Blade aims to guard 'Sunshine Law'

Newspaper owns successful record in battling public access violations

7/12/2012
BY JENNIFER FEEHAN
BLADE STAFF WRITER

The Blade has a long history of challenging violations of Ohio's "Sunshine Law" that ensures public access to government meetings and records.

In May, the newspaper filed a suit in Lucas County Common Pleas Court against the Economic Opportunity Planning Association of Greater Toledo after board members entered into an illegal, closed-door executive session to discuss the agency's Head Start grant application. A week later, the agency agreed to pay The Blade's court costs and attorney fees to comply with the open-meetings law, and to provide notice of the agreement to all board members.

Not all challenges have been settled so expeditiously, but most have been successful.

In 2010, the newspaper challenged a gag order imposed in Henry County Common Pleas Court that would have prevented the media from reporting on a local manslaughter trial until a jury was seated in a subsequent co-defendant's trial. The Ohio Supreme Court unanimously agreed with The Blade that the gag order was unconstitutional, and that a judge cannot place the right to a fair trial above the right to free speech and press.

More than four years before Seneca County commissioners demolished the county's historic 1884 courthouse, The Blade filed a lawsuit in September, 2007, with the Ohio Supreme Court claiming the board intentionally withheld or destroyed public records. The newspaper sought access to all emails concerning the proposed demolition of the courthouse.

The case led to a ground-breaking decision in December, 2008, in which the high court found that a deleted email doesn't cease to be a public record if it still can be retrieved from a computer's hard drive. The court ordered county commissioners to make reasonable efforts to retrieve deleted emails.

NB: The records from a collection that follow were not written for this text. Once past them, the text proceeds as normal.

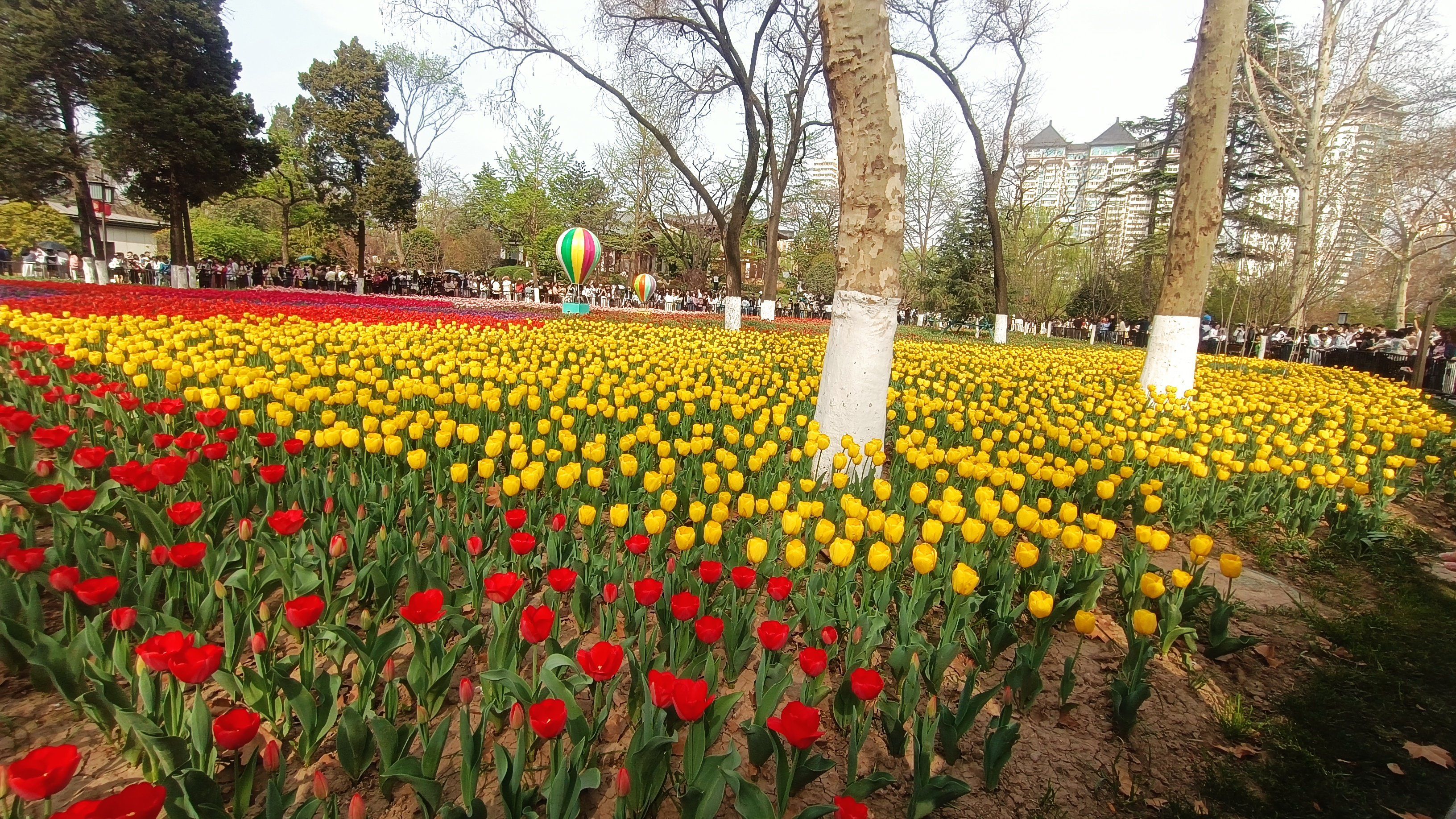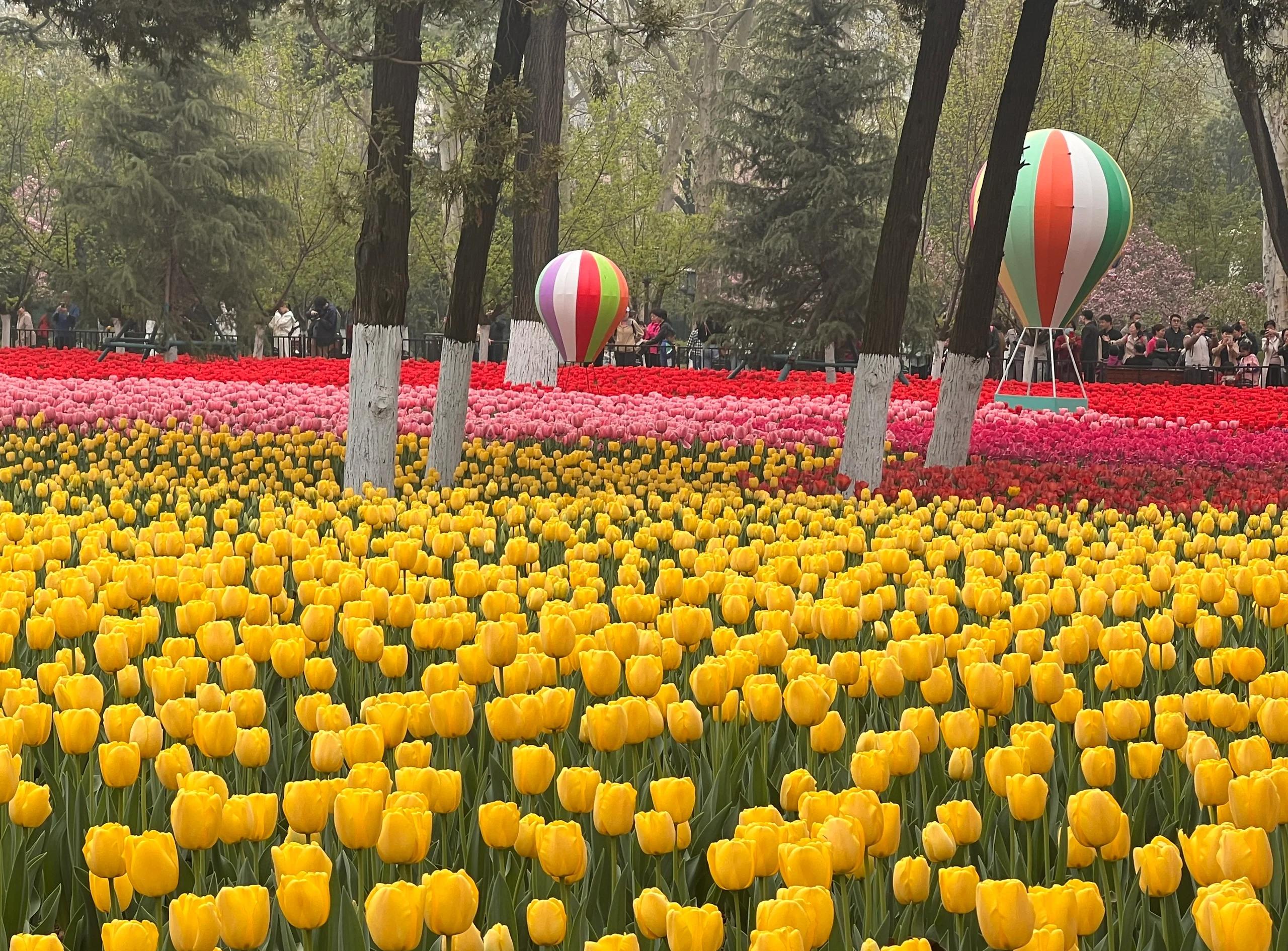 興慶宮: 20萬多株鬱金香競相綻放,五彩繽紛的花朵裝點著綠意盈盈的園區,構成了一幅絢爛多彩的春日畫卷。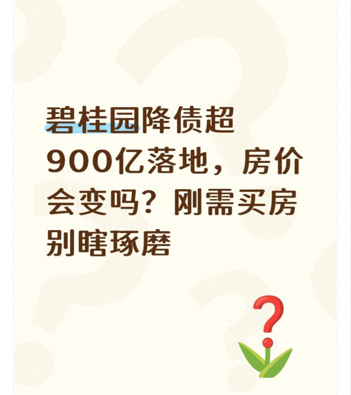 最近碧桂园的大事大家可能都听说了,境内外债务重组全落地,一下子降了超900亿债务,5年内不用愁集中还钱的事,融资成本也降到了1%-2.5%的低位,算是顺利“渡劫”了 。这事不光房企圈关注,咱们普通老百姓更关心:作为曾经的行业头部房企,碧桂园这么大动作降债,以后房价会涨还是跌?准备买房的刚需该等还是该入手?今天就用大白话跟大家捋清楚,每一点都跟咱们的买房计划实打实相关,不搞虚头巴脑的分析。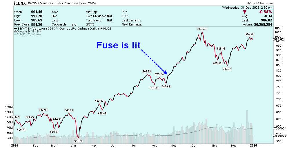 What I’m looking forward to in 2026 is continued strong performance in commodities – gold, silver, copper and other metals, and for the junior mining stocks to catch up and provide stronger gains than gold and the metals themselves. Although I’m an optimist by nature, my biggest worry going into 2026 is we get some unexpected ‘Black Swan’ event that derails this long awaited bull run in juniors that is just getting started and may be one of the biggest in our lifetime.

In 2006, The Blade joined the (Cleveland) Plain Dealer in asking a U.S. District Court judge to unseal affidavits from the searches of a Toledo travel agency and the home of Toledoan charged in a suspected terrorist plot. Judge James Carr ordered the documents unsealed but allowed words, phrases, and paragraphs that contained information sensitive to the government's ongoing investigation to be redacted.

The state's highest court issued a 5-2 decision in 2005 granting The Blade's request to have the Ohio Bureau of Workers' Compensation turn over all transaction records from the $50 million rare-coin investments that Tom Noe controlled. The court rejected the state's argument that the records were trade secrets that were exempt from the public-records law.

Several times, the newspaper took former Toledo Mayor Carty Finkbeiner to court over public-records violations.

In 1995, the company sued the city for withholding the mayor's long-distance telephone records -- a dispute that never was fully resolved. Lucas County Common Pleas Judge Frederick McDonald dismissed the case in May, 1997, though the records never were released.

In January, 1997, The Blade sued Mayor Finkbeiner after he refused to provide a copy of a letter he said he had received from President Clinton concerning Toledo's keep-Jeep campaign. In a Common Pleas Court ruling, Judge William Skow ordered the mayor to release the letter. He said Mr. Finkbeiner violated the Ohio Public Records Act.

Several cases have involved the University of Toledo.

In 1988, the newspaper charged in Lucas County Common Pleas Court that UT violated Ohio law when it formed a committee to search for a new president and banned a Blade reporter from the meeting that formed that committee. Judge Melvin Resnick ordered the university to reappoint a presidential search committee in a public meeting.

In 1991, The Blade asked the Ohio Supreme Court to order the UT Foundation to release records involving the funding of the organization. In December, 1992, the court voted 6-1 in favor of The Blade.

In 1996, the The Blade charged in Lucas County Common Pleas Court that UT violated the state's Open Meetings Law when it refused public access to meetings held by its athletic director search committee. In ruling for The Blade, Judge Robert Christiansen found that the search committee is both a public and decision-making body and subject to Ohio's Sunshine Law.

The newspaper has not won every battle over public records.

In 2008, the Blade unsuccessfully sought the release of an investigatory report that preceded the firing of James Hartung, former president of the Toledo-Lucas County Port Authority. The Ohio Supreme Court ruled in 2009 that the report, which was prepared by a private law firm hired by the port authority, was protected by attorney-client privilege and was not a public record.